I'm trying to optimize image processing algorithms using SSE for "Penryn" family of processor and I need to know what instructions can run in parallel. There does not seem to be any conclusive information on the internet (or is there?).
For example, can the following instruction combinations execute in one clock cycle:
pmadd | padd | padd
psraw/d | (un)pack
palignr | pshufb
I think I might be able to find out by writing a test program and testing all kinds of combinations, but it would be better if there was an easier way.
the information you're interested in what instructions can be issued in the same cycle via port 0, 1, 5 is essentially listed in Table 2-2 of the Intel 64 Architecture Optimization manual. http://developer.intel.com/products/processor/manuals/index.htm
Note that, padd is not limited to be issued by one specific port (there are more than one SIMD ALU), the instruction that has throughput of 1 cycle generally would be constrained to one specific issue port. You should also be aware that the specific arrangement dependency of instruction operands will impose further constraints on parallelism.

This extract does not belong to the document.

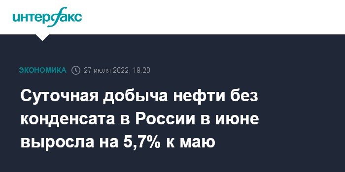 Суточная добыча нефти без конденсата в России в июне выросла на 5,7% к маю
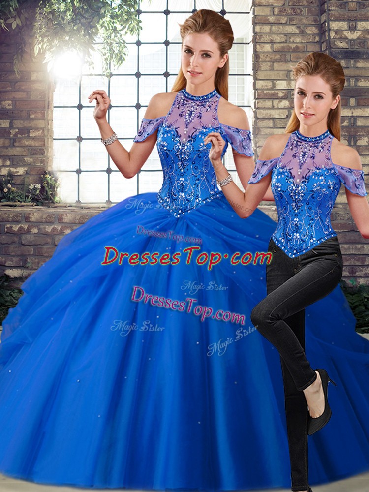 Noble Blue 15th Birthday Dress Halter Top Sleeveless Brush Train Lace Up

If you're writing micro-kernels for experimentation (the out-of-order engine will try to the issue multiple micro-ops as permitted by a number of factors). It's more practical to verify what happend via performance monitoring events than trying to predict based on instruction latency, throughput, port bindings (there are some pointers in Appenix B of the Optimization manual). The three factors (latency/throughput, port bindings) form only a part of conditions for OOO engine to achieve instruction-level parallelism.

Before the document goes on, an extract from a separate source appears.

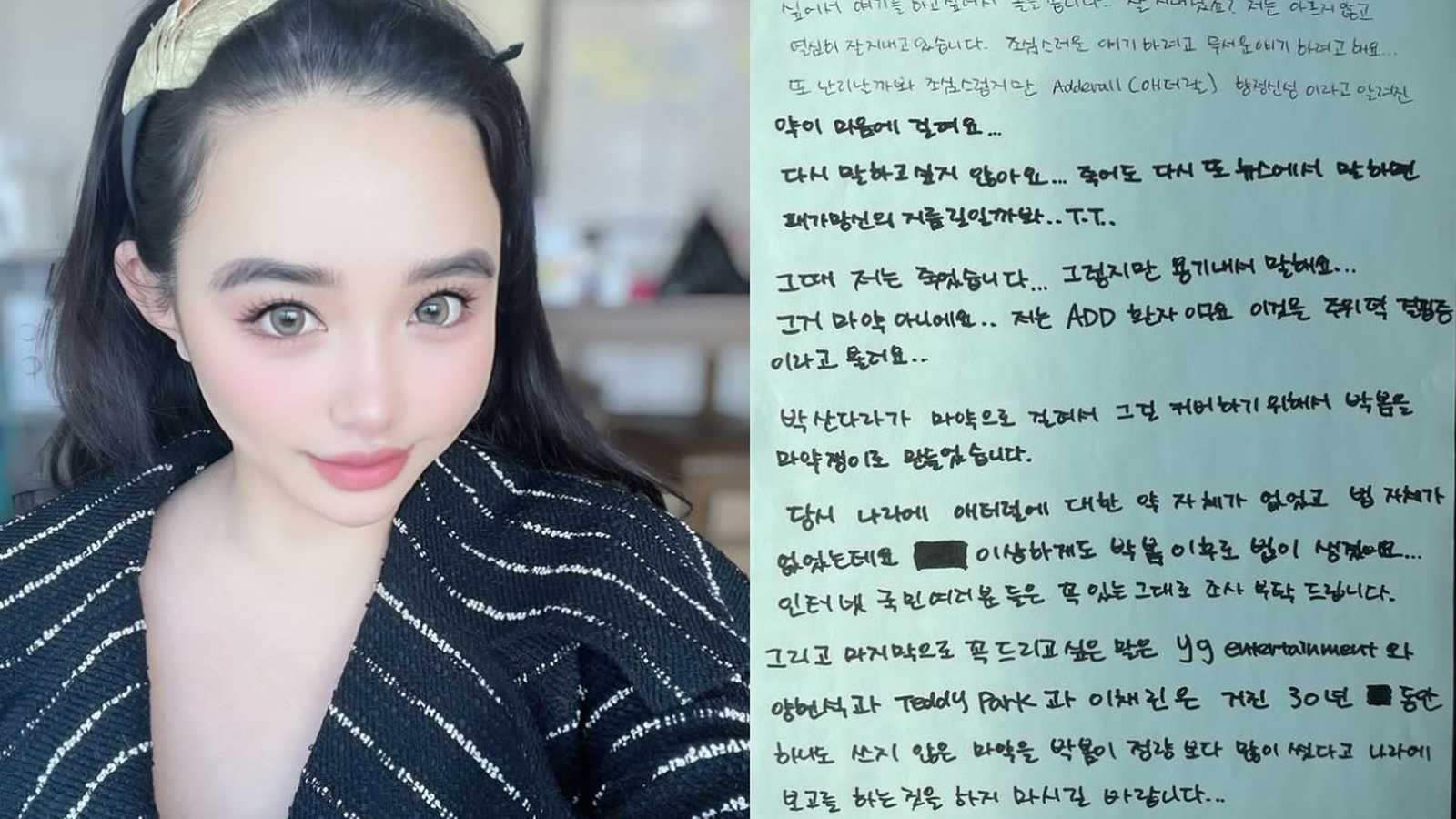 The singer also criticized the lack of a specific medication system or law regarding Adderall in South Korea at the time of her 2010 incident, noting that a law was ‘strangely’ created afterward. She appealed to the public to ‘investigate the facts’ and made a direct plea to YG Entertainment founder Yang Hyun-suk, music producer Teddy Park, and 2NE1’s former leader CL, asking them not to report her to authorities again for alleged drug use. Park Bom concluded her emotional letter by stating it felt like her ‘soul is crying,’ expressing gratitude to her readers.

I've checked the optimization manual, but it doesn't have very detailed information. Basically it says that each issue port is connected to "Integer SIMD ALU", but ALU is a very broad definition and can include almost anything. I agree that many factors affect performance, but there are cases when knowing issue port is usefull. For example, if I use some type of instructions a lot, issue port for those instructions will become congested and I should try to replace some of the instructions (i.e. replace shifts with muls, bytewise shifts with shuffles, etc.) or take different approach to the problem. If I don't know issue port organization, it is not easy to do this kind of optimization, or even know if I need to do it.